Extracted records:
======
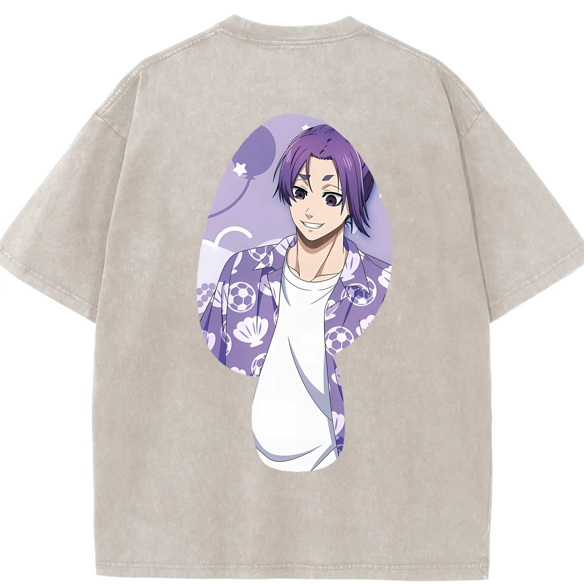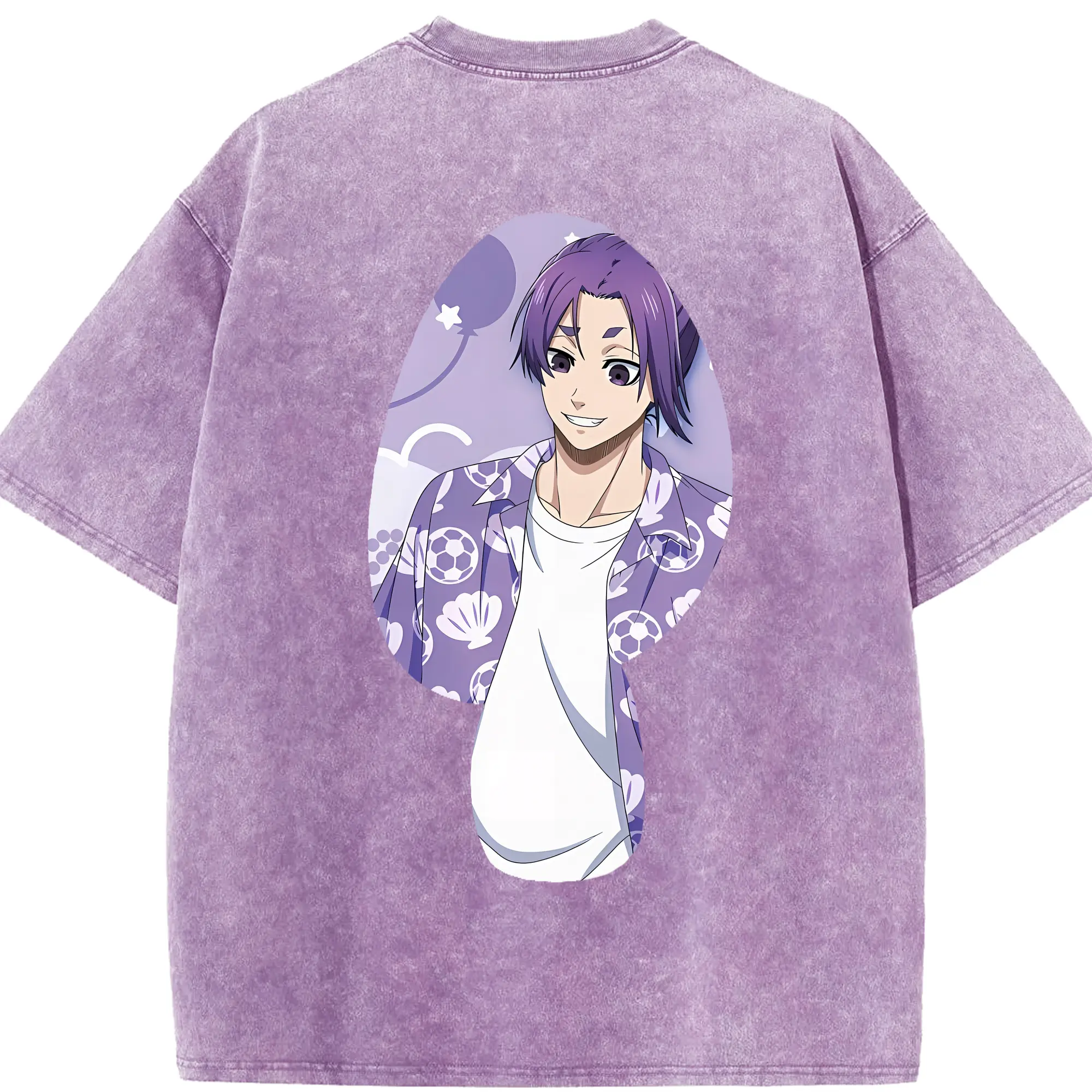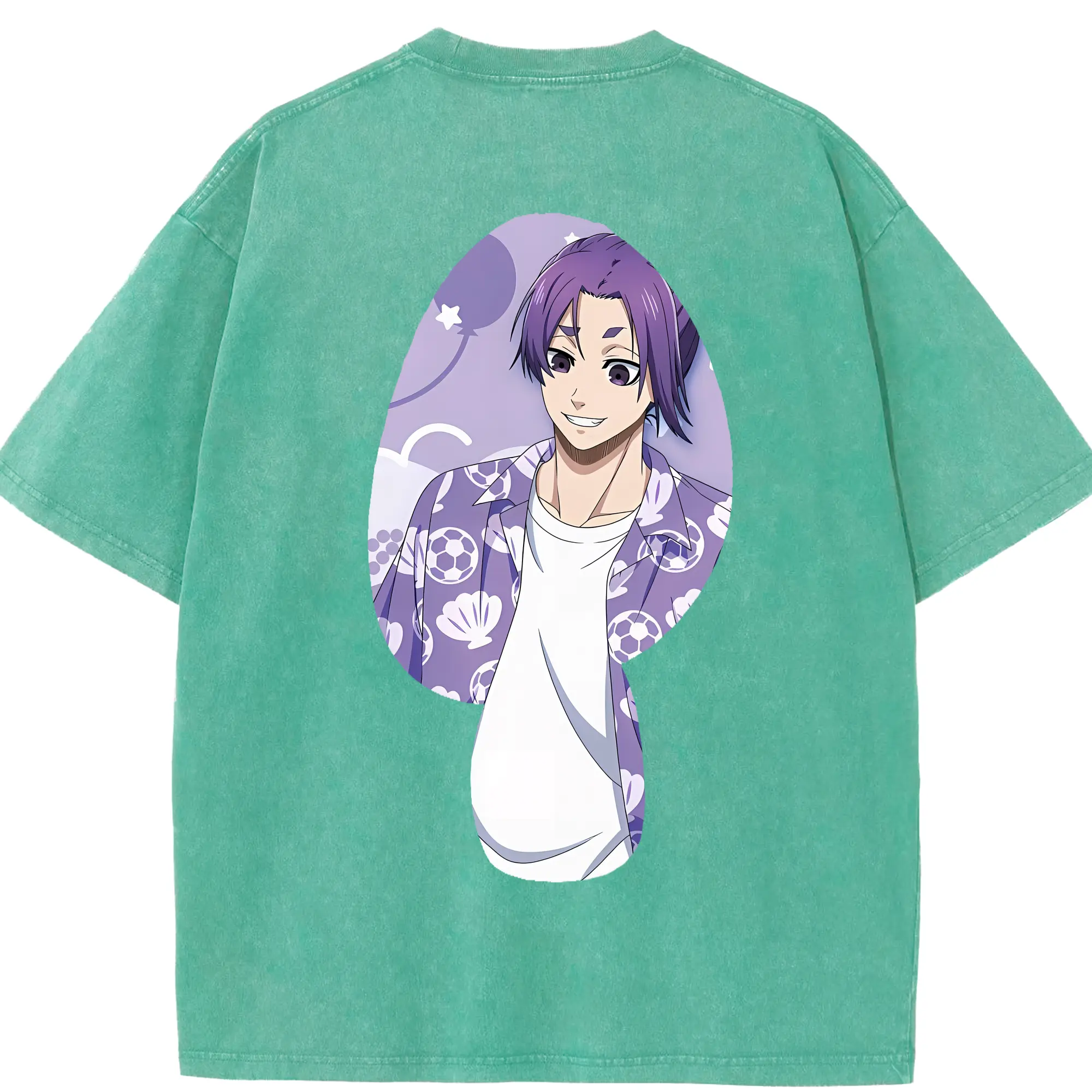 ブルーロック グッズ 御影 玲王 - 綿100% ヴィンテージ風 半袖Tシャツ ・ フロントプリント ・ 柔らか肌触り ・ 通気性 快適 ・ スポーツ カジュアル 外出用
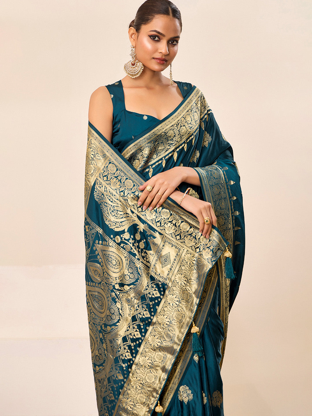 Satin Silk Banarasi Silk Saree With Blouse Piece 13592
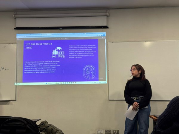 Uno de los momentos destacados de la jornada fue la participación estudiantil. Francesca Araya y Benjamín Gatica, estudiantes de Sociología de la Universidad Central, presentaron su investigación: “Banco Central de Chile: la relevancia e implicancia de sus actas de política monetaria”. En la instancia también expusieron los académicos de nuestra Universidad, Matías Gómez y Nicolás Delgado quienes presentaron sus trabajos vinculados a redes de influencia y política monetaria en América Latina.
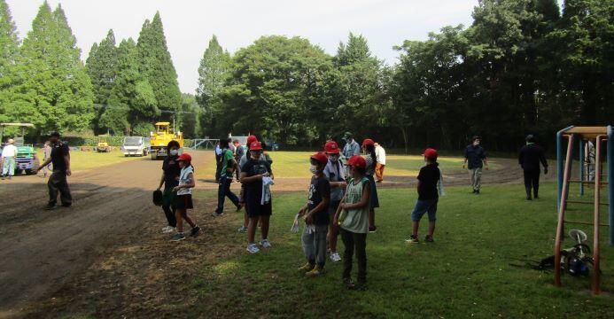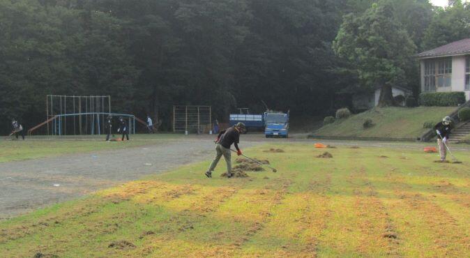 8月24日(月) この日から学校が始まった自治体もあるようです。小林市は次の日の25日(火)から1学期の後半がスタートします。全校児童が元気に登校してくれることを願います。さて、23日(日)に行われた奉仕作業の第2弾です。今回は作業後の片付けや運動場の整備の様子を紹介します。
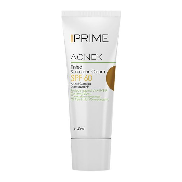 کرم ضد آفتاب رنگی فاقد چربی پرایم مدل Acnex با SPF60، با قابلیت کنترل ترشح سبوم باکتری های مولد آکنه را مهار می کند. ضد آفتاب فاقد چربی پریم خاصیت ضد آکنه دارد و مناسب پوست های چرب و آکنه دار می باشد. محافظت از پوست در برابر اشعه آفتاب اولین قدم برای مراقبت پوست می باشد. این کرم یک لایهی محافظتی در برابر اشعه UVA، UVB و IR روی پوست ایجاد میکند. این محصول فاقد هرگونه چربی است و کنترل کننده ترشح سبوم، ضد آکنه و ضد باکتریهای مولد آکنه نیز می باشد. کرم ضد آفتاب رنگی پریم با قردرت محافظتی 60 برای پوستهای چرب و آکنه دار بسیار مناسب است.
======
Work request:
If a line falls between the first line of the records above and the line containing "Satin Silk Banarasi", inclusive, retype it exactly; leave pictures out.

Output of the task:
 ブルーロック グッズ 御影 玲王 - 綿100% ヴィンテージ風 半袖Tシャツ ・ フロントプリント ・ 柔らか肌触り ・ 通気性 快適 ・ スポーツ カジュアル 外出用
 Satin Silk Banarasi Silk Saree With Blouse Piece 13592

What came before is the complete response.